O estabelecimento da curva padrão, com concentrações conhecidas de endotoxinas, é necessário para determinar a concentração de endotoxinas com quantidades desconhecidas. A curva-padrão é necessária para determinar a menor

e a maior concentração de endotoxina presente na amostra, assim como os picos obtidos dentro da curva. Como um parâmetro para o cálculo da quantidade de endotoxinas, a curva padrão foi obtida à partir da reconstituição do liofilizado de endotoxina oferecida pelo kit, numa concentração conhecida de 100EU/mL, onde suas diluições alcançam as concentrações finais de: 0,01, 0,1, 1, 10, 100 EU/mL, de acordo com as instruções do fabricante.

Diluições seriadas para obtenção das concentrações de endotoxina da curva-padrão

1. Foi adicionado 0,1 ml de 100 EU/ml endotoxina estoque em 0,9 ml de água para reagente LAL, resultando numa concentração de 10 EU/ml de endotoxinas. Essa solução foi vigorosamente agitada em vortex, por pelo menos 1 minuto antes do procedimento;

2. Foi transferido 0,1 ml da solução de endotoxina 10 EU/ml em 0,9 ml de água para reagente LAL para um recipiente adequado, resultando numa concentração de 1 EU/ml. A solução foi vigorosamente agitada em Vortex, por pelo menos 1 minuto antes do início do procedimento;

3. Foi transferido 0,1 ml da solução de endotoxina 1 EU/ml em 0,9 ml de água para reagente LAL para um recipiente adequado, resultando numa concentração de 0,10 EU/ml. Essa solução foi vigorosamente agitada em Vortex, por pelo menos 1 minuto antes do procedimento;

4. Foi transferido 0,1 ml da solução de endotoxina 0,10 EU/ml em 0,9 ml de água para reagente LAL para um recipiente adequado, resultando numa concentração de 0,01 EU/ml. Essa solução foi vigorosamente agitada em Vortex, por pelo menos 1 minuto antes do início do procedimento.

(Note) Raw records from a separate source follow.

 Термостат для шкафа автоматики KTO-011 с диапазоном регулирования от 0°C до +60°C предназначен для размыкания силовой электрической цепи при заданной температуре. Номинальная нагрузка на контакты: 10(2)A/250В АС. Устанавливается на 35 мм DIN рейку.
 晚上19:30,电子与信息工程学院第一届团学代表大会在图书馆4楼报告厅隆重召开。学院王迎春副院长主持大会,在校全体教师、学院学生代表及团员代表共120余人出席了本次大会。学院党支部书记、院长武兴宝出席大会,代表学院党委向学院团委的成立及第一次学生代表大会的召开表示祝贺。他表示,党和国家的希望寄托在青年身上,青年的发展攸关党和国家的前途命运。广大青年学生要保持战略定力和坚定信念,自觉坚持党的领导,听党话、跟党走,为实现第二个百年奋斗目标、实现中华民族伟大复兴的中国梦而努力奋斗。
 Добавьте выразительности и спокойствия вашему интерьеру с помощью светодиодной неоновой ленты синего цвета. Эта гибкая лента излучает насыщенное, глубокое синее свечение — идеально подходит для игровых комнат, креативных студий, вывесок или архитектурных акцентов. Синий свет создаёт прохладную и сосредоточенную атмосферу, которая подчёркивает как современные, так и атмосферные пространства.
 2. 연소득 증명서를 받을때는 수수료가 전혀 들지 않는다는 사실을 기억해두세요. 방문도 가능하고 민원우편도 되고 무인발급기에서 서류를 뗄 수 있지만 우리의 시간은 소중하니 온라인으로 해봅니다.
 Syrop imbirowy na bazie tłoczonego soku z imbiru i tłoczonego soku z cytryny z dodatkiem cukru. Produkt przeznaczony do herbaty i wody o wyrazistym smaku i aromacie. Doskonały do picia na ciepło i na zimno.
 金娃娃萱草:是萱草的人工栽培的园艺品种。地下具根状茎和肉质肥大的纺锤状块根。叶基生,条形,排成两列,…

Padronização das diluições das amostras

Os frascos de vidro, contendo as amostras oriundas do canal radicular e bolsa periodontal, foram colocados em banho-maria (37°C) por 30min. As amostras foram reconstituídas em 1 mL de água de LAL e em seguida extraídas sob agitação mecânica em vortex, por 60 segundos. O teste LAL pode ser influenciado por muitos fatores. Fatores da inibição da detecção de endotoxinas devem ser evitados, para isso foi realizada a adição de uma quantidade conhecida de endotoxina (0,1 EU/ml),

em cada amostra, procedimento que é denominado “Spike”. Em seguida, os testes foram realizados em triplicata, sendo da mesma amostra: 3 poços contendo 100 μL da amostra mãe ou suas diluições; e 3 poços contendo 100 μL amostra + 0.1 EU/mL de endotoxina (Spike). O teste foi realizado como descrito à seguir. Para evitar que houvesse qualquer tipo de interferência (inibição ou desenvolvimento) da amostra com o reagente de LAL, a concentração de endotoxina recuperada dos poços contaminados, calculada pelo software, permaneceu entre 50% - 200%, valor este denominado controle positivo do produto (PPC).

Plate Layout

Para quantificação das endotoxinas presentes nas amostras foram utilizadas placas de cultura de células (96 poços – 12 colunas e 8 fileiras) (Corning Costar, Cambridge, MA) apirogênicas. Inicialmente, 100 μL do “blank” (água de LAL) foram inoculados em triplicata na placa. Em seguida, 100 μL de cada ponto da curva padrão, nas diferentes concentrações (100 EU/mL, 10 EU/mL, 1 EU/mL, 0,10 EU/mL e 0,01 EU/mL), foram distribuídos em triplicata. Após, 100 μL das amostras e seus respectivos controles (PPC) - ambos em triplicata - foram inoculados com reagente de LAL. Para cada poço do controle positivo foi adicionado 10 μL de 0,1 EU/mL de endotoxina de E. coli (spike). A placa foi posicionada no leitor de ELISA (Ultramark, Bio-Rad Laboratories), com Software WinKQCL®, programado para - 340 nm, 37 º C e 100 leituras - 100 μL do reagente de LAL foram adicionados em todos os poços. A leitura das placas teve uma duração de aproximadamente 60 minutos.

Cálculo da concentração de endotoxinas

De forma contínua durante todo o ensaio, o leitor de microplacas/ software Kinetic-QCL foi monitorado na absorbância de 340nm de cada orifício da microplaca. Usando a leitura de absorbância inicial de cada orifício como seu próprio branco, o leitor determinou o tempo necessário para que a absorbância aumentasse a 0.03 unidades. Este tempo foi denominado Tempo de Reação. O software WinKQCL executou automaticamente uma correlação linear log/log do Tempo de Reação de cada padrão com a concentração de endotoxinas correspondente.